ROMA – “Patrimoniale del 10% sui c/c”: per il Fondo Monetario resta un’opzione. Che la presa della recessione e dell’esposizione debitoria sugli stati europei a rischio, Italia compresa, sia ancora ben salda non è una notizia. Che il Fondo Monetario Internazionale pensi ancora al prelievo forzoso sui “capitali dormienti” (nottetempo come avvenne nel ’92?), una patrimoniale del 10% sui conti correnti, è scritto nero su bianco in un report ufficiale. Antonio Castro di Libero Quotidiano ha scovato l’allarmante notizia a pagina 49 dell’ultimo rapporto del Fmi: “Fiscal Monitor” è stato pubblicato da pochi giorni. Per fortuna, la drastica misura avrebbe carattere temporaneo. Il valore della “decima” in Italia ammonterebbe a 245 miliardi.

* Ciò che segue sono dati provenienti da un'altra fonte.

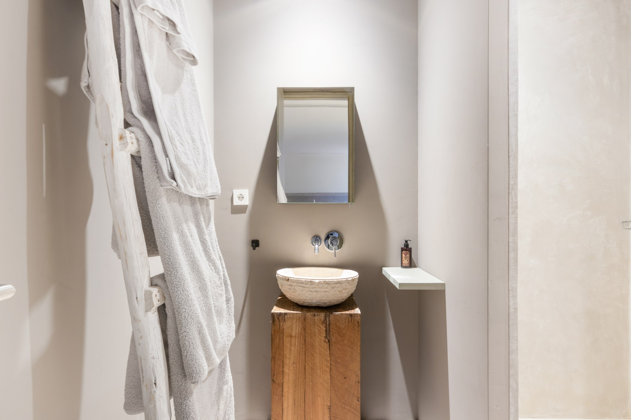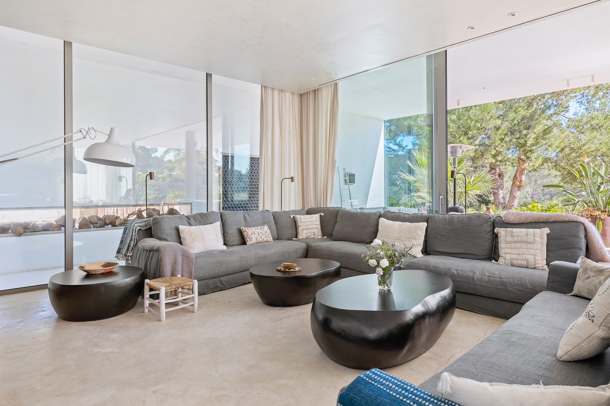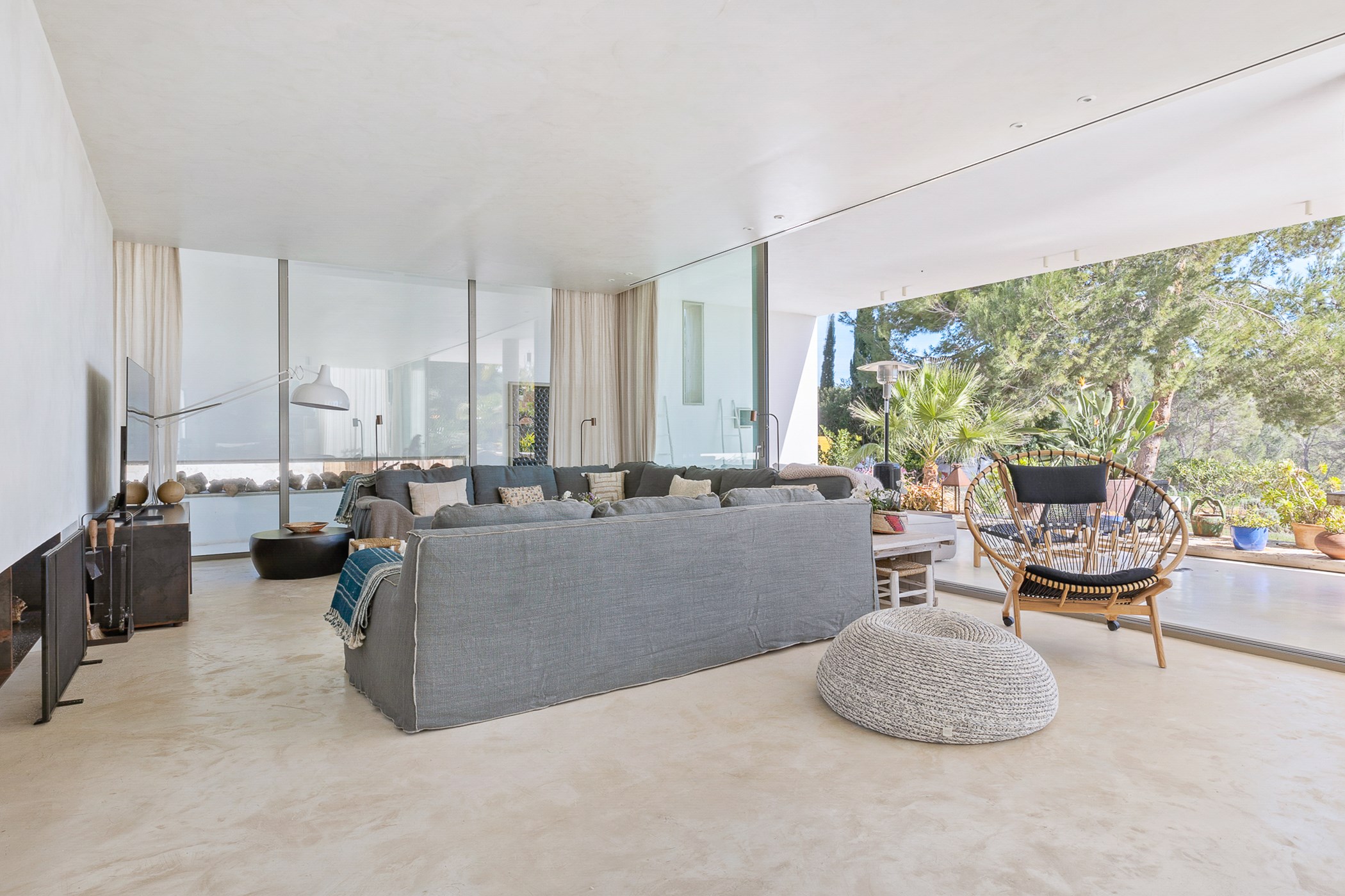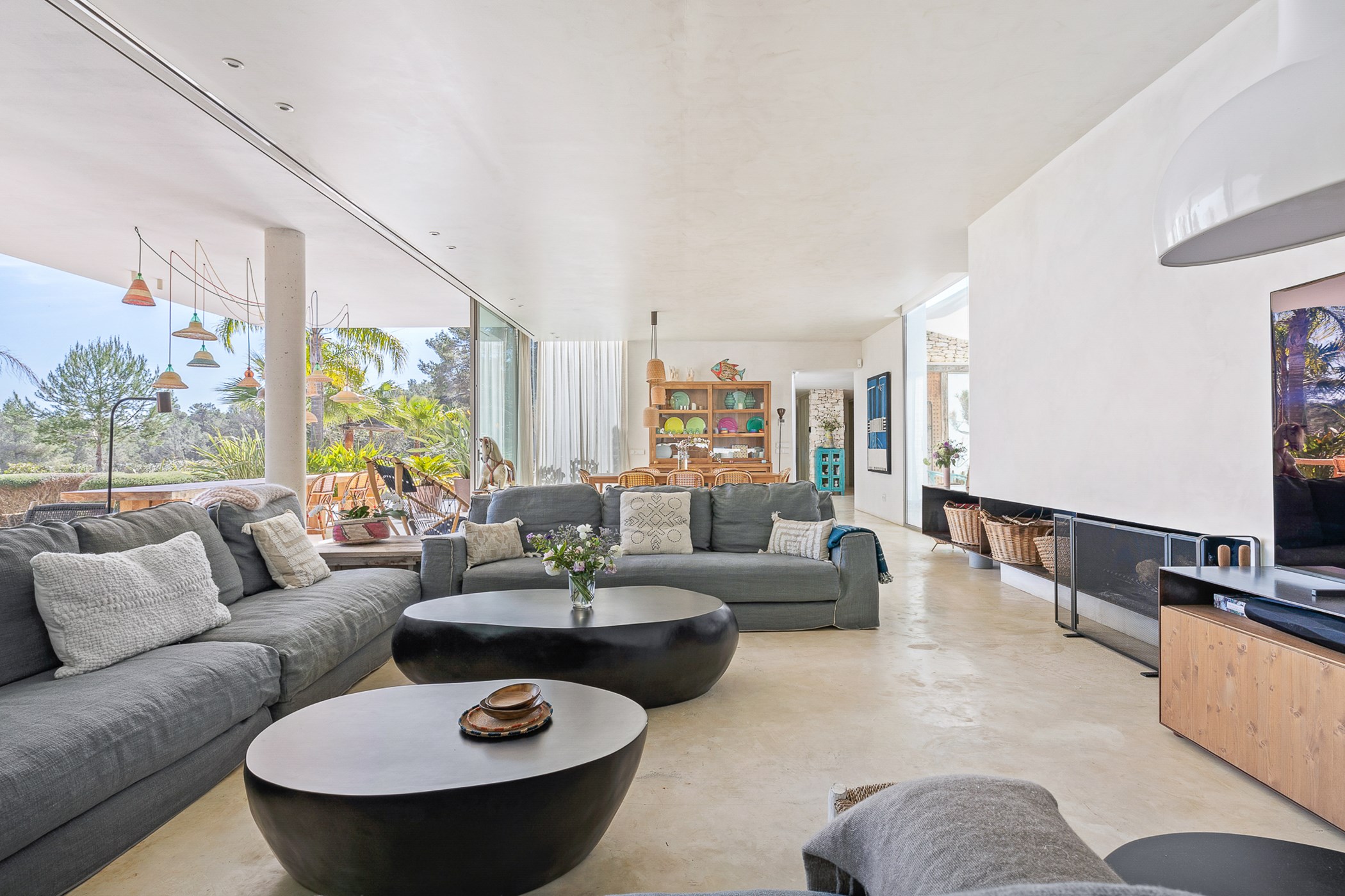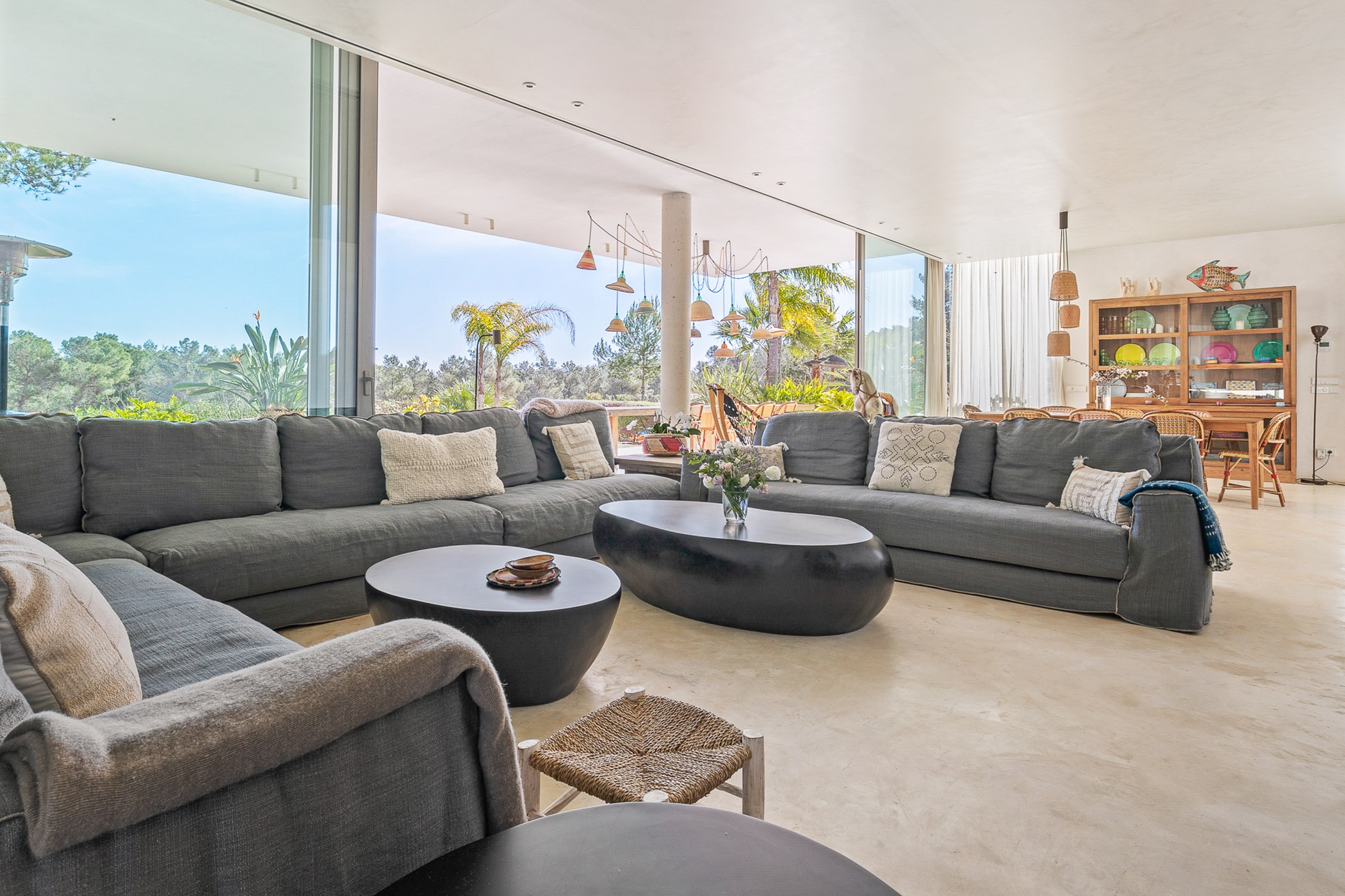 Among its distinguishing elements: a generous private pool at the centre of the grounds. The interiors are generous and well-proportioned, with neutral tones that allow the Mediterranean light to do the rest.

“Piuttosto che appesantire il carico fiscale delle imprese e far scendere ancora di più le buste paga”, scrive l’istituto finanziario internazionale, “perché non andare a toccare i capitali dormienti?”. E ancora: “Visto che le misure drastiche di austerity non hanno avuto i risultati attesi”, spiega la proposta del Fmi,  “e che non hanno portato ad una riduzione del debito pubblico, per riportare il livello del debito pubblico a livelli pre-crisi, si potrebbe ricorrere ad prelievo con tasso alto (10%) dei risparmi netti positivi dei nuclei familiari di 15 paesi della zona euro. (Antonio Castro, Libero Quotidiano)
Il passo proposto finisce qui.